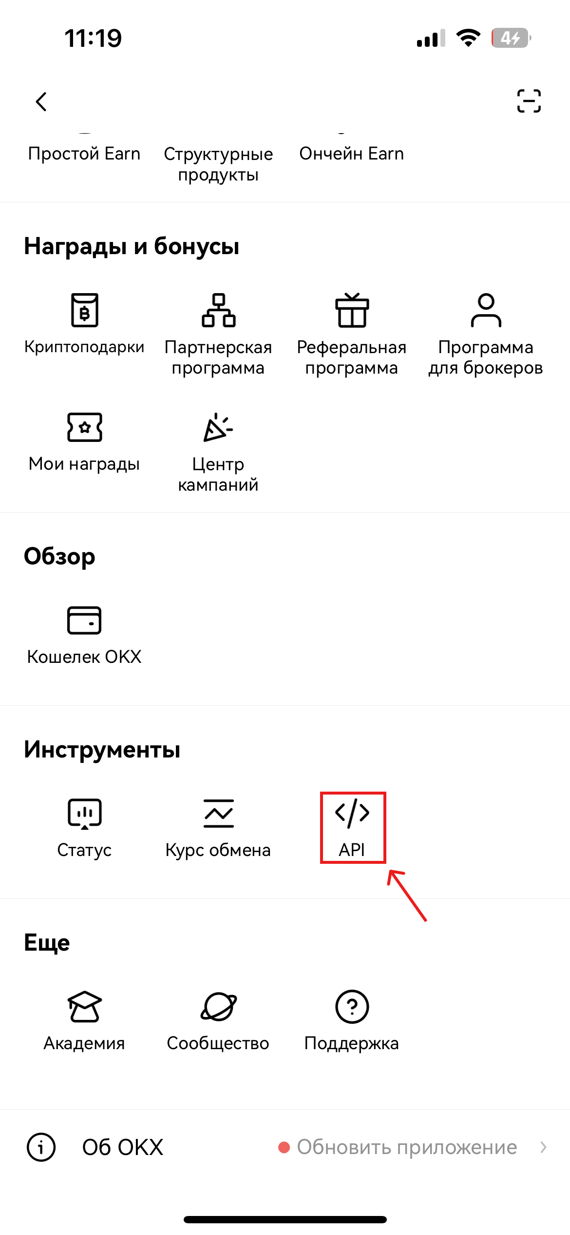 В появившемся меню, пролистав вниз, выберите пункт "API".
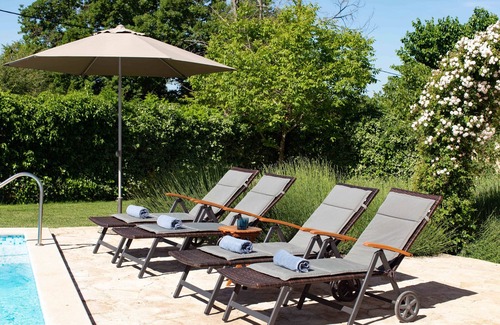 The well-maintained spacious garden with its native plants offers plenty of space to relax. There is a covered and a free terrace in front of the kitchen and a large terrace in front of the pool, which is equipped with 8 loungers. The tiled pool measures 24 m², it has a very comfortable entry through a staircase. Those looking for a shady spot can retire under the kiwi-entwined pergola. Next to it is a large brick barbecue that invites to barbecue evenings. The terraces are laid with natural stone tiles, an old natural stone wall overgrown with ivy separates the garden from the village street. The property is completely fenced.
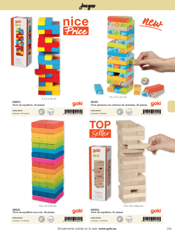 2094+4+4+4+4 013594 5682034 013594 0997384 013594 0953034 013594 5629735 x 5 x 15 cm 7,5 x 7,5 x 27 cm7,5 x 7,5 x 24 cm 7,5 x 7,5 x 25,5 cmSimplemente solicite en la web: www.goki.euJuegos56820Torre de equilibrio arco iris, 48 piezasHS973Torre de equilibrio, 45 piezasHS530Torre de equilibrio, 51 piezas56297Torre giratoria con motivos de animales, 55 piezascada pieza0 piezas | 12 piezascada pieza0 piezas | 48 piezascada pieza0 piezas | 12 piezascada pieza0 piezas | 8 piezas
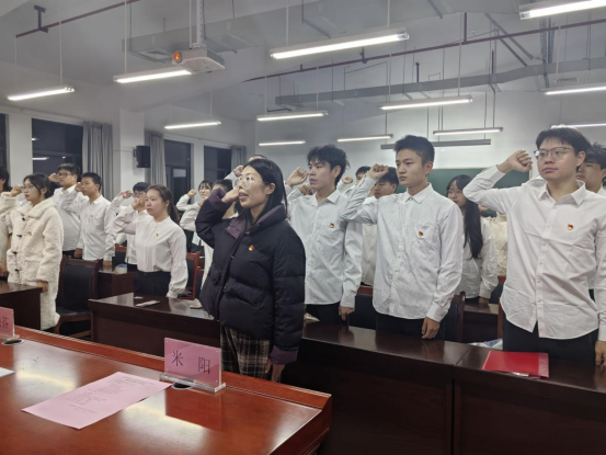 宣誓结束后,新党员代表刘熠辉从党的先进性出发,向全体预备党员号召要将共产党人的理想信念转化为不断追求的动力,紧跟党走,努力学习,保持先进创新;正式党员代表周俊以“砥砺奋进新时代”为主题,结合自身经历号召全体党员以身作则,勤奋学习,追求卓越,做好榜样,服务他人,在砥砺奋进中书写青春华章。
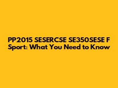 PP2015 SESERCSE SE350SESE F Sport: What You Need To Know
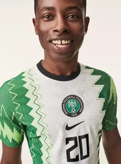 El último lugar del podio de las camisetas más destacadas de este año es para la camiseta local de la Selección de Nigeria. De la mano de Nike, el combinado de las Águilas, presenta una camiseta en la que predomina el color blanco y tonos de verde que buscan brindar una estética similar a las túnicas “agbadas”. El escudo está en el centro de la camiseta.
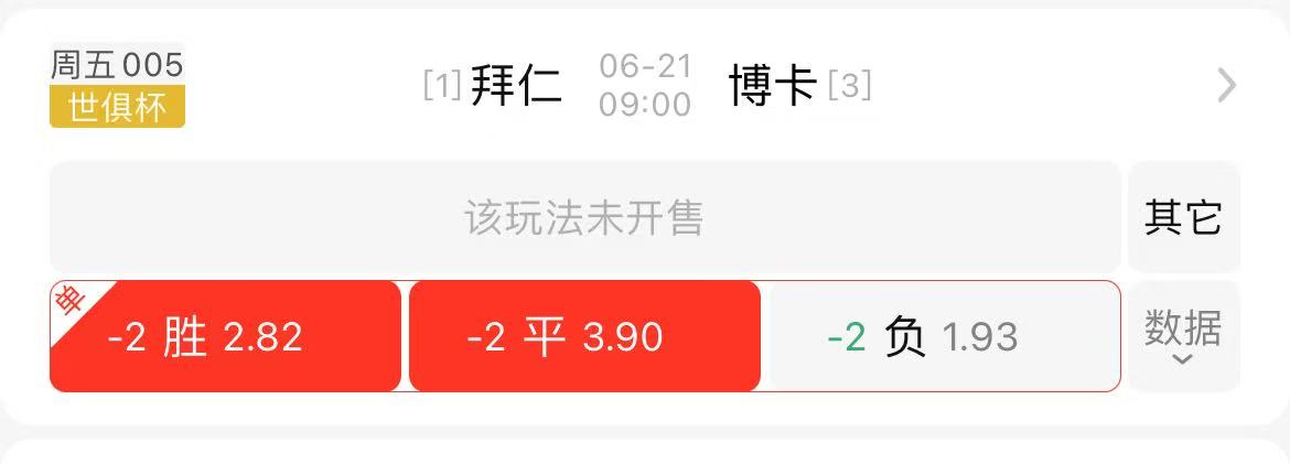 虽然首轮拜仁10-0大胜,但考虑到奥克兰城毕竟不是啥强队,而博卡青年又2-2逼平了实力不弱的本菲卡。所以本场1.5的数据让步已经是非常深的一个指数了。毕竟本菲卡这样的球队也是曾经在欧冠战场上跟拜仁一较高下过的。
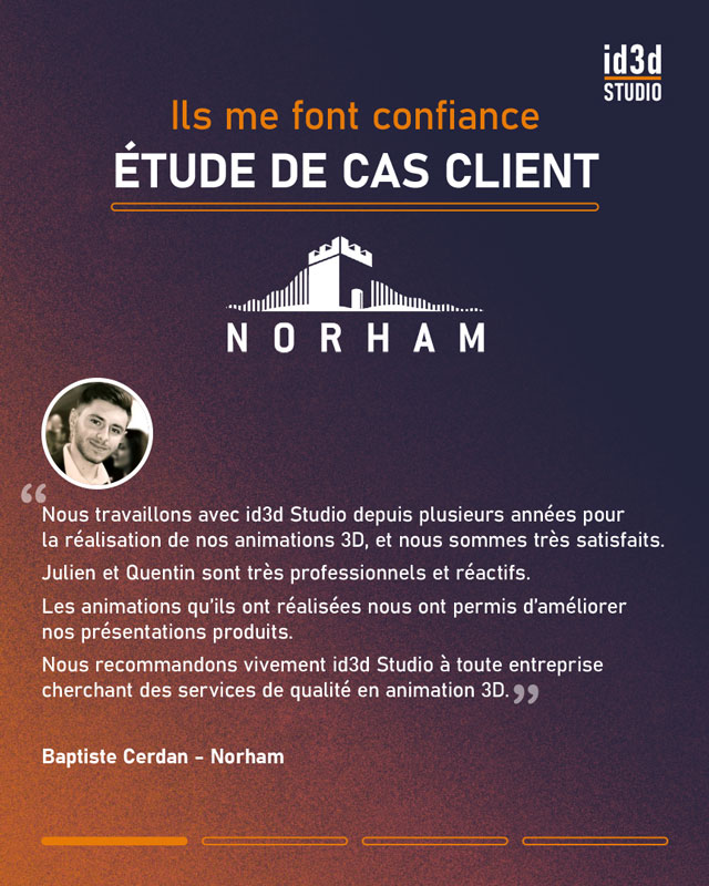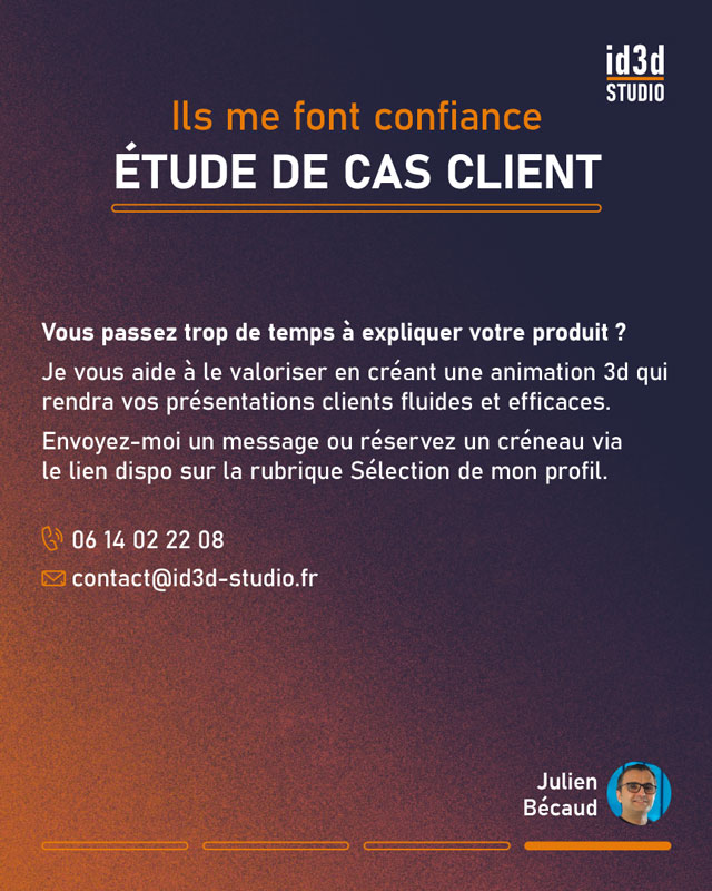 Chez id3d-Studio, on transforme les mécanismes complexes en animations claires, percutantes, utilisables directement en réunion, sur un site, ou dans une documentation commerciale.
..............................
→ WHAT THE EXERCISE ASKS
Can you restate all the records above word for word while dropping the pictures?

→ REPLY
 В появившемся меню, пролистав вниз, выберите пункт "API".
 The well-maintained spacious garden with its native plants offers plenty of space to relax. There is a covered and a free terrace in front of the kitchen and a large terrace in front of the pool, which is equipped with 8 loungers. The tiled pool measures 24 m², it has a very comfortable entry through a staircase. Those looking for a shady spot can retire under the kiwi-entwined pergola. Next to it is a large brick barbecue that invites to barbecue evenings. The terraces are laid with natural stone tiles, an old natural stone wall overgrown with ivy separates the garden from the village street. The property is completely fenced.
 2094+4+4+4+4 013594 5682034 013594 0997384 013594 0953034 013594 5629735 x 5 x 15 cm 7,5 x 7,5 x 27 cm7,5 x 7,5 x 24 cm 7,5 x 7,5 x 25,5 cmSimplemente solicite en la web: www.goki.euJuegos56820Torre de equilibrio arco iris, 48 piezasHS973Torre de equilibrio, 45 piezasHS530Torre de equilibrio, 51 piezas56297Torre giratoria con motivos de animales, 55 piezascada pieza0 piezas | 12 piezascada pieza0 piezas | 48 piezascada pieza0 piezas | 12 piezascada pieza0 piezas | 8 piezas
 宣誓结束后,新党员代表刘熠辉从党的先进性出发,向全体预备党员号召要将共产党人的理想信念转化为不断追求的动力,紧跟党走,努力学习,保持先进创新;正式党员代表周俊以“砥砺奋进新时代”为主题,结合自身经历号召全体党员以身作则,勤奋学习,追求卓越,做好榜样,服务他人,在砥砺奋进中书写青春华章。
 PP2015 SESERCSE SE350SESE F Sport: What You Need To Know
 El último lugar del podio de las camisetas más destacadas de este año es para la camiseta local de la Selección de Nigeria. De la mano de Nike, el combinado de las Águilas, presenta una camiseta en la que predomina el color blanco y tonos de verde que buscan brindar una estética similar a las túnicas “agbadas”. El escudo está en el centro de la camiseta.
 虽然首轮拜仁10-0大胜,但考虑到奥克兰城毕竟不是啥强队,而博卡青年又2-2逼平了实力不弱的本菲卡。所以本场1.5的数据让步已经是非常深的一个指数了。毕竟本菲卡这样的球队也是曾经在欧冠战场上跟拜仁一较高下过的。
 Chez id3d-Studio, on transforme les mécanismes complexes en animations claires, percutantes, utilisables directement en réunion, sur un site, ou dans une documentation commerciale.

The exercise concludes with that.